Dataset with two sources of induced variations We consider the data generated with the individual variation at level $\beta =0.02$ and two sources of induced variations as mutant6 and mutant10 in [5]. Additional file 1: Table S4 indicates using a 2-component model. The CP model with two components explains 91.89% of the data. From the subjects mode shown in Fig. 10c, we observe that the first component separates the abnormal_mutant10 subjects from the remaining subjects while the second component separates the normal subjects from the abnormal_mutant6 subjects. This makes sense since all the metabolites except for HDL-CE have a large coefficient on the first component in the metabolites mode, and we can see from Fig. 10a that for these metabolites, the blue lines and the red lines in the preprocessed data are quite close and they are clearly separated from the green lines. While metabolite HDL-CE has the largest absolute score on the second component and the blue lines are clearly separable from the other lines for metabolite HDL-CE as shown in Fig. 10a. Combining the plots in the metabolites and time mode (Fig. 10b), we observe that the model captures two main types of dynamics, i.e., one that increases fast to the steady state (the second component) shown in metabolite HDL-CE and one that increases slowly towards the steady state (the first component) shown in most of the remaining metabolites.

Conclusion

In this paper, we have explored tensor factorizations for analyzing dynamic metabolomics data generated through simulations of dynamic systems. The basic idea for such methods, including the CP and Paralind model, is to extract the commonality between the subjects, i.e., the common dynamic behaviors. The dynamic behavior of metabolic systems as encountered in practice depends on (i) sizes of different sources of variation, and (ii) the structure of the system itself, i.e., the topology of the metabolic network as well as sizes of the kinetic constants. Using dynamic systems of increasing complexity, namely, a linear open system, a yeast glycolysis model and a human cholesterol model, we have studied the structure of the system as well as different sources of variation, and demonstrate how well CP and Paralind models capture the underlying dynamics in different settings. In all cases of enough commonality that we have studied, we can model the three-way data with relatively simple multiway models, i.e., the CP and Paralind models. These models manage to detect the interventions in the data, which is reflected by the successful capture of the changes in relations between metabolites, as shown by the jump changes in the factor plots of the metabolites. A detailed account of the relationship between the metabolic network (topology and connection strengths) and the factor loadings of the metabolites in CP or Paralind models is the subject of follow-up research. In most cases, we can also explain and understand the extracted patterns from the underlying in silico model. However, individual differences in dynamic behavior can be enormous in practice, e.g., in challenge tests [41]. This means that in a limited number of sampled individuals, there will be some with idiosyncratic behavior. We have demonstrated in our experiments that this idiosyncratic behavior is more of an undersampling problem.

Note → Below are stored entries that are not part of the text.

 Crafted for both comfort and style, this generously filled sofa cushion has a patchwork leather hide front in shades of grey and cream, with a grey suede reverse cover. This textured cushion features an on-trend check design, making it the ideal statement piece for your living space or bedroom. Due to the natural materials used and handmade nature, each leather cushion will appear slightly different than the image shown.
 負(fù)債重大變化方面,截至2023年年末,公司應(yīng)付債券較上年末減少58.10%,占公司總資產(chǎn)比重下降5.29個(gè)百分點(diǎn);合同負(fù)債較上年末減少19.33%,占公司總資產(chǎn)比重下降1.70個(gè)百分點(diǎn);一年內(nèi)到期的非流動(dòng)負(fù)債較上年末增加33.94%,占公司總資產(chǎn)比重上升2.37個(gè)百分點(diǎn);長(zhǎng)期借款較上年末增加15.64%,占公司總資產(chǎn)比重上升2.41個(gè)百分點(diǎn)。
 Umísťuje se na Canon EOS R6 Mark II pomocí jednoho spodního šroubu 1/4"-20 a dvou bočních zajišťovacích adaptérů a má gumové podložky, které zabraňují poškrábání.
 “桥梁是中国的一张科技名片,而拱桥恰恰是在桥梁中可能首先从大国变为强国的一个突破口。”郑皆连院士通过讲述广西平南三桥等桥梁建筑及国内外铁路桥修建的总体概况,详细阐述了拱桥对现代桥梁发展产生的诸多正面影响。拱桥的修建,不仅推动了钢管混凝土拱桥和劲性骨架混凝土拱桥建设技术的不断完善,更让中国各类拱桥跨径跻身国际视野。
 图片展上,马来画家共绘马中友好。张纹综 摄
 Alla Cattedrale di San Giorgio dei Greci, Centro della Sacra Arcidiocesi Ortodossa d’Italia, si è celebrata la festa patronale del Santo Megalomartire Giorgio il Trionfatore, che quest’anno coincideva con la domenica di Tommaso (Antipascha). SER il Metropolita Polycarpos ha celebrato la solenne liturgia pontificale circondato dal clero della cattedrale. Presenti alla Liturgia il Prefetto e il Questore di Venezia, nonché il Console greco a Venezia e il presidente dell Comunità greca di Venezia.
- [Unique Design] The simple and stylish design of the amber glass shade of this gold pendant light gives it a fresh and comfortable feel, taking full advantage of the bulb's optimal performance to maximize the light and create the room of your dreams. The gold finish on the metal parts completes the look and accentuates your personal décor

The choice between a CP and a Paralind model depends on the data characteristics, and this, in turn, depends on the two aspects (i) and (ii) discussed in the above paragraph. In this paper, we present good diagnostics to select a proper model in practice. For data with small individual variation and sources of induced variations that have similar effects on the dynamic behavior, we use the Paralind model (due to linear dependence factors in the CP model); for data with large individual variation or data with various induced variations, we demonstrate that CP models work well.

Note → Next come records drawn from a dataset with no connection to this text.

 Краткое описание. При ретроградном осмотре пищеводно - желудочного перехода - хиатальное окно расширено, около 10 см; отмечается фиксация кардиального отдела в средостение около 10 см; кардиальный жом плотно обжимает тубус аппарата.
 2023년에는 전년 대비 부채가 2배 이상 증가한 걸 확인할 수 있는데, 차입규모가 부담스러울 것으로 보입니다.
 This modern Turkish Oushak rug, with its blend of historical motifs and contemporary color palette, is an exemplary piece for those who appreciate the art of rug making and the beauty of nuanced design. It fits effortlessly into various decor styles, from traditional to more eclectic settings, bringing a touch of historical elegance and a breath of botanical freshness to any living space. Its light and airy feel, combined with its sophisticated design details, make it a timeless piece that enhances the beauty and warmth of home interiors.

For more complex cases such as dynamic systems with delays or with different dynamics due to significant differences in induced variation or with large idiosyncratic behavior, we may need more complex multiway models such as PARAFAC2 [42] or Restricted Tucker [33]. Also, for cases, where we are interested in time-evolving metabolites [10], PARAFAC2 is expected to reveal those by capturing evolving factor matrices in the metabolites mode. It may also be worth considering mixed effect three-way models accounting for the random variation among the individuals.

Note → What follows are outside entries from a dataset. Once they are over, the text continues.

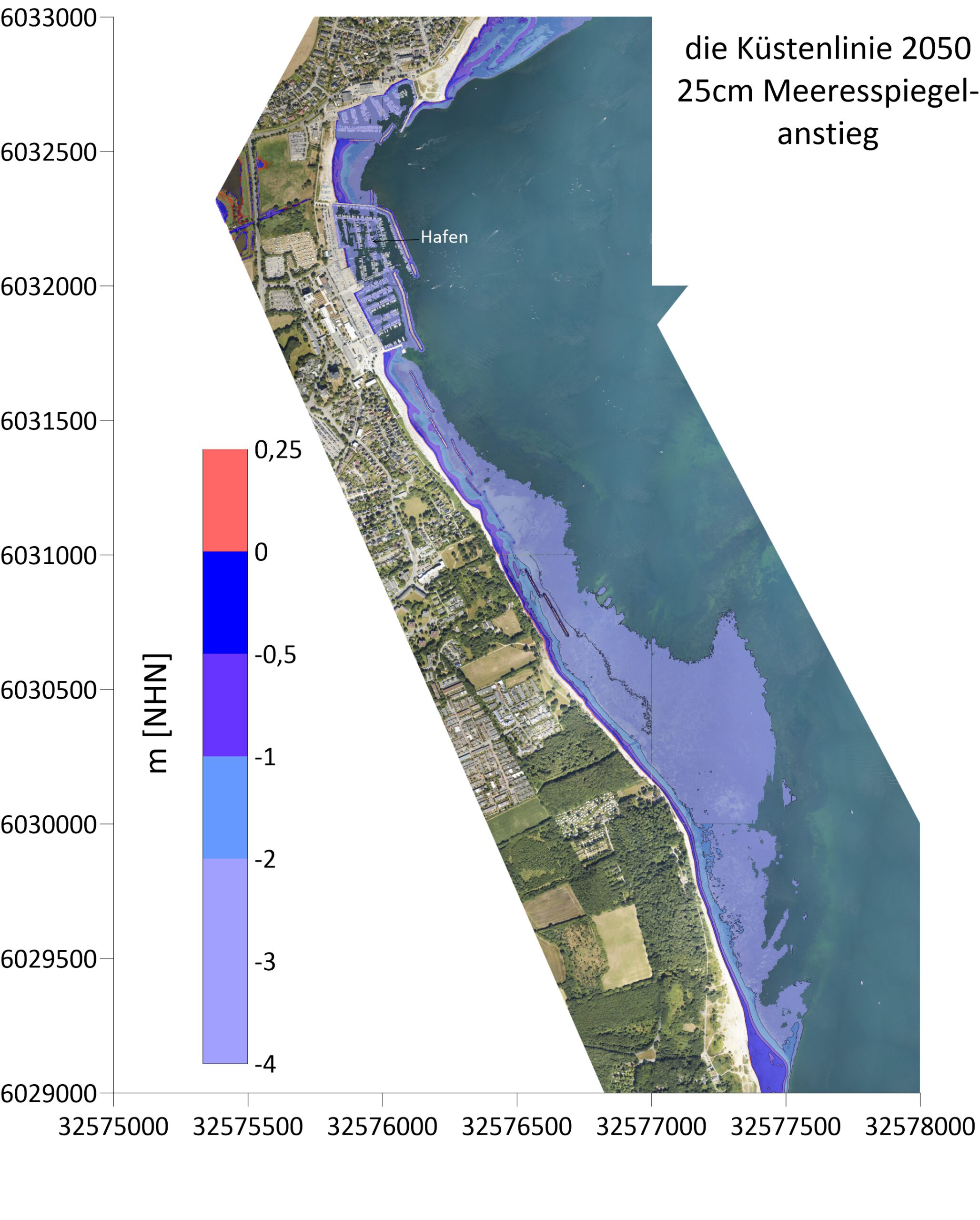 Die Küstenlinie in 25 Jahren, also im Jahre 2050 bei einem Meeresspiegelanstieg von 25cm, ist nur leicht landwärts verschoben (siehe folgende Abbildung). Nur die Sandbank vor dem NER ist teilweise überflutet. Der Leeerosionsbereich mit den Buhnen am Ende des Strandes vor dem U-Boot wird teilweise negativ beeinflußt und es kann zum Kontakt zwischen Meerwasser und Küstenschutzbauwerk kommen. Die Promenade und der Hafenbereich sind nicht betroffen. Südlich des Hafens wir nur ein ganz schmaler Streifen Strand überflutet. Der Standverlust, also die Breite, beträgt in dem Buhenfeld ca. 3.3m. Vom Buhnenfeld bis zum Hafen beträgt der Strandverlust ca. 2,2m.
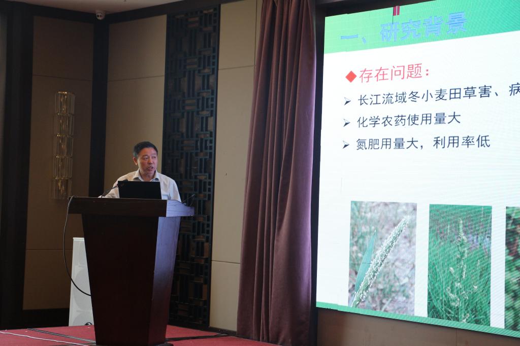 院长王源超教授主持,中国农药发展与应用协会除草剂专业委员会委员、江苏农学会杂草研究分会常务理事、宿迁市、县、区及乡镇农技人员、长江流域冬小麦药肥双减项目及课题3各子课题负责人及相关技术人员150多人参加了会议,由江苏省农业科学院、山东农业大学、安徽省农业科学院等9个单位的11位专家对国产自拍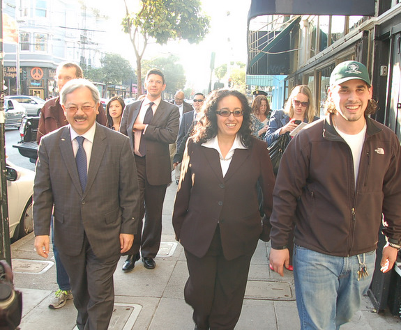 San Francisco Mayor Ed Lee announced the appointment Monday morning before joining Olague on a merchant walk along upper Haight Street, where she told Streetsblog that she would make pedestrian and bicycle improvements in her district a priority, along with extending parking meter hours.

This simulation study is motivated by the analysis of a real dynamic metabolomics dataset. In real data, the underlying dynamic network is unknown and the data set size is larger, e.g., the number of metabolites and subjects is in the order of hundreds. CP models are still expected to reveal the main patterns of variations as well as the corresponding temporal profiles, as we plan to demonstrate with our findings on a real metabolomics challenge test dataset. The methods could also be scaled up to larger data sets [43, 44] (with thousands of or more variables in each mode) if such large-scale dynamic metabolomics data sets were to be available in the future.

While we focus on only the analysis of dynamic metabolomics data in this paper, future work includes joint analysis of multiple omics data sets [45] through extensions of tensor factorizations to coupled matrix and tensor factorizations [46].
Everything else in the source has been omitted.